• _WORK TO BE COMPLETED_: Would you print, word for word, only the lines running from the line with "Alev alev yanan otomobil tarlayı da yaktı" to the last line of the entries, without the pictures?

*** Opening of STUDY MATERIAL ***

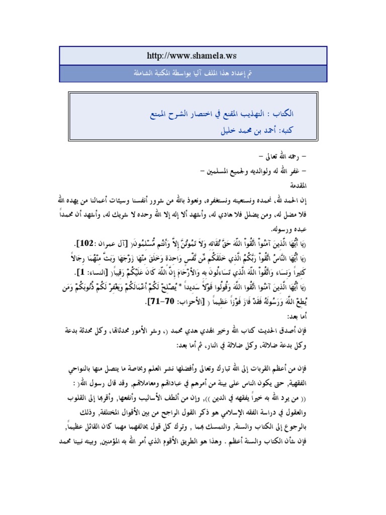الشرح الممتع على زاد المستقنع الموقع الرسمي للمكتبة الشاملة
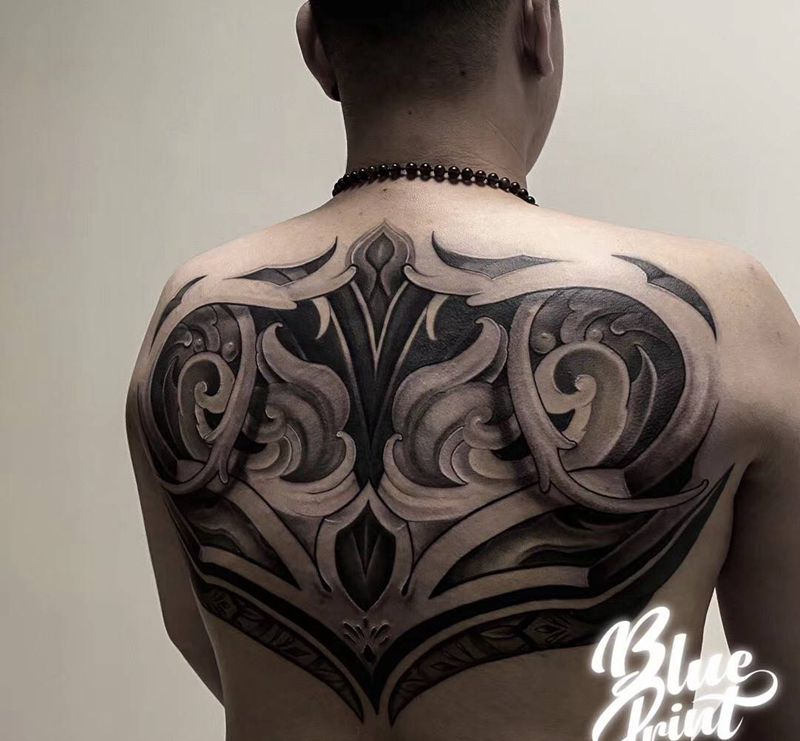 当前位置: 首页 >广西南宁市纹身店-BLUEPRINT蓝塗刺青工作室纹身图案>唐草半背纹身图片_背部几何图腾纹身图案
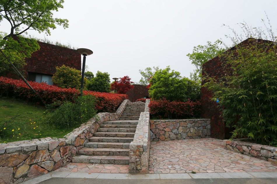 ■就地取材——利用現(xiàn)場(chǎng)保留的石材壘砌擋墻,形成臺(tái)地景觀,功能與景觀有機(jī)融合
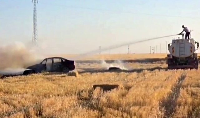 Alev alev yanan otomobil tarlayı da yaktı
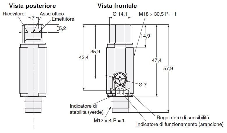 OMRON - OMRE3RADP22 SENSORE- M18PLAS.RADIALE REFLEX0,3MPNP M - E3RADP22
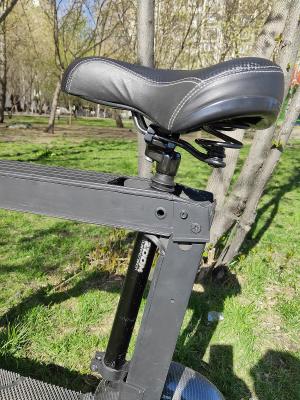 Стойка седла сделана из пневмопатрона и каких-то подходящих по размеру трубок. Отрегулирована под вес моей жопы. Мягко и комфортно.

*** Close of STUDY MATERIAL ***

• _ANSWER SECTION_:
 Alev alev yanan otomobil tarlayı da yaktı
 OMRON - OMRE3RADP22 SENSORE- M18PLAS.RADIALE REFLEX0,3MPNP M - E3RADP22
 Стойка седла сделана из пневмопатрона и каких-то подходящих по размеру трубок. Отрегулирована под вес моей жопы. Мягко и комфортно.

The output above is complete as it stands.